ABD; durumun, üye ülkelerin dolar varlıklarını resmi parite oranında altın karşılığında nakit paraya çevirecekleri ve ardından Londra pazarında daha yüksek bir oranda altın satabilecekleri arbitraj fırsatı yaratacağından korkuyordu.
Ancak üye ülkeler, böyle bir arbitraj fırsatından yararlanmak için bireysel teşviklere sahip olsalar da sistemin korunmasından ortak bir ilgileri vardı.
Korktukları şey, ABD’nin dolar cinsinden değer kaybetmesi ve dolayısıyla dolar varlıklarının daha az değerli olmasını sağlamaktı.
Bu endişeleri gidermek için başkan adayı John F. Kennedy, 1960’ların sonlarında seçilmesi halinde doları devalüe etme girişiminde bulunmayacağı yönünde bir açıklama yapmak zorunda kaldı.
Devalüasyonun yokluğunda, ABD’nin kendi para birimlerini yeniden değerlendirebilmesi (revalüasyon) için diğer ülkelerin ortak bir çaba göstermesi gerekiyor.

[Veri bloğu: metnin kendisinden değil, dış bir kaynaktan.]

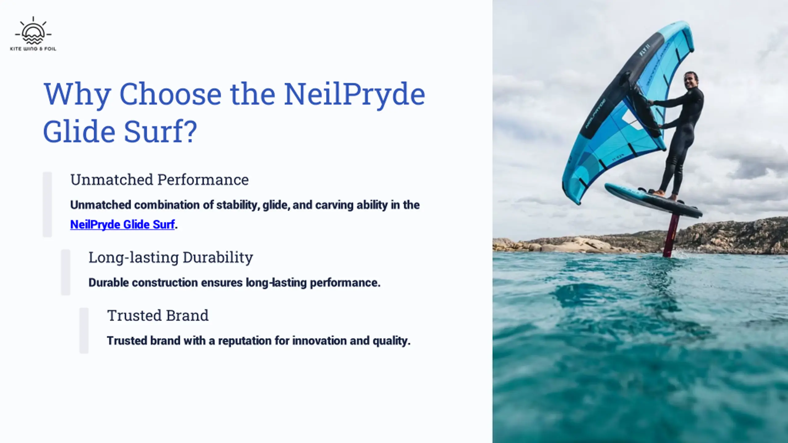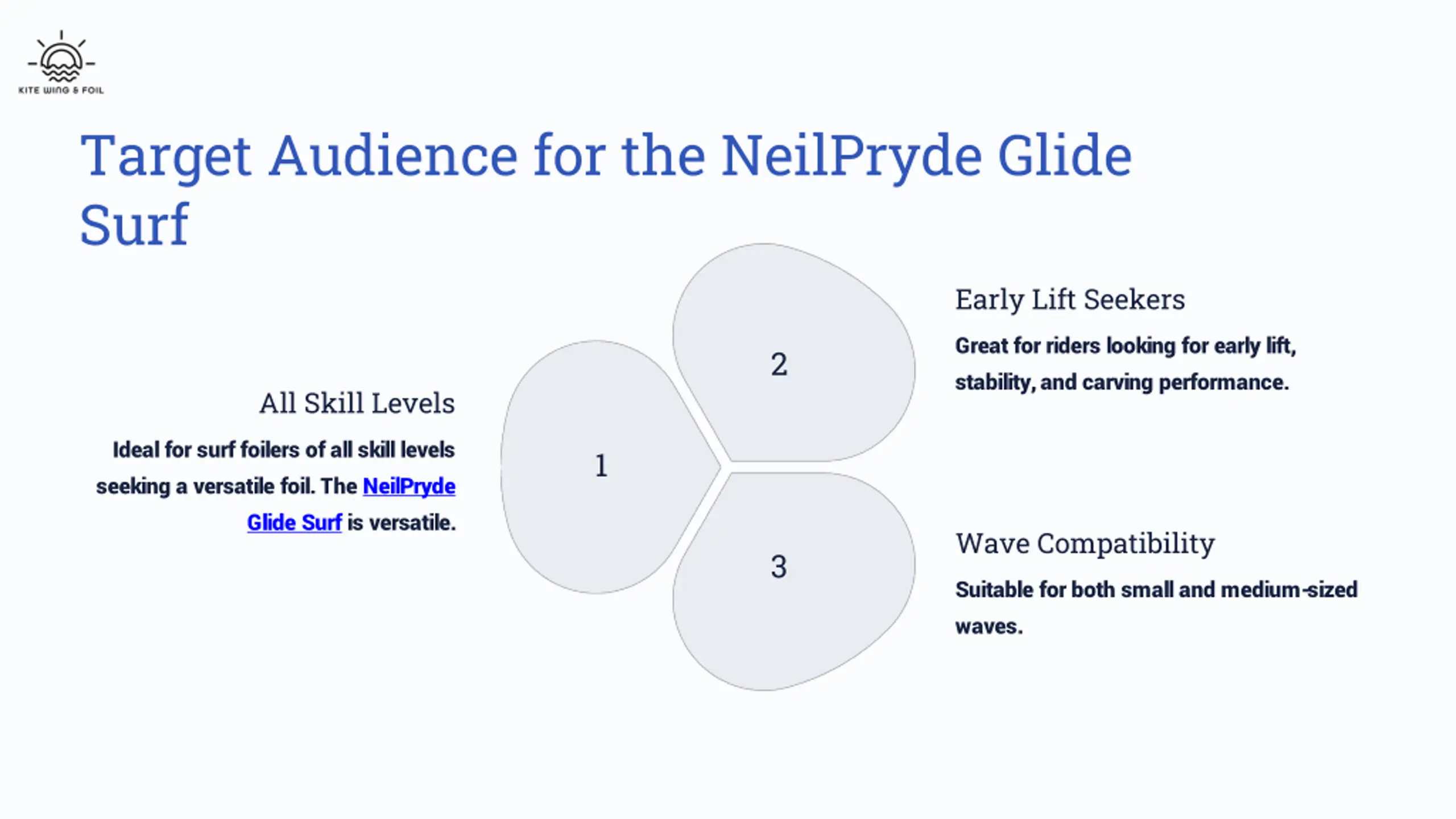 Target Audience for the NeilPryde Glide Surf Early Lift Seekers Great for riders looking for early lift, stability, and carving performance. 2 All Skill Levels Ideal for surf foilers of all skill levels seeking a versatile foil. The NeilPryde Glide Surf is versatile. 1 Wave Compatibility 3 Suitable for both small and medium-sized waves.

Sisteme dengeyi geri getirmek için koordine edilmiş bir revalüasyon için yapılan itirazlara rağmen üye ülkeler kendi rekabet üstünlüklerini kaybetmek istemedikleri için buna isteksizdi.
Bunun yerine IMF’nin 1961’deki borç verme kapasitesinin artırılması ve bir dizi Avrupa ülkesi tarafından Altın Havuzu’nun oluşturulması dahil olmak üzere başka önlemler alındı.
Altın Havuzu, altının piyasa fiyatının resmi oranın üzerine çıkmasını engellemek için birçok Avrupa ülkesinin altın rezervini bir araya getirdi.
1962 ile 1965 arasında Güney Afrika ve Sovyetler Birliği’nden yeni arzlar, artan altın talebini dengelemek için yeterliydi.
Talep, 1966’dan 1968’e kadar olan arzın dışına çıkmaya başladığında kısa sürede kötüleşen herhangi bir iyimserlik, Fransa’nın 1967’de havuzdan ayrılma kararının ardından, ertesi yıl Londra’da altının piyasa fiyatı yükselip resmi fiyattan çekilerek çöktü.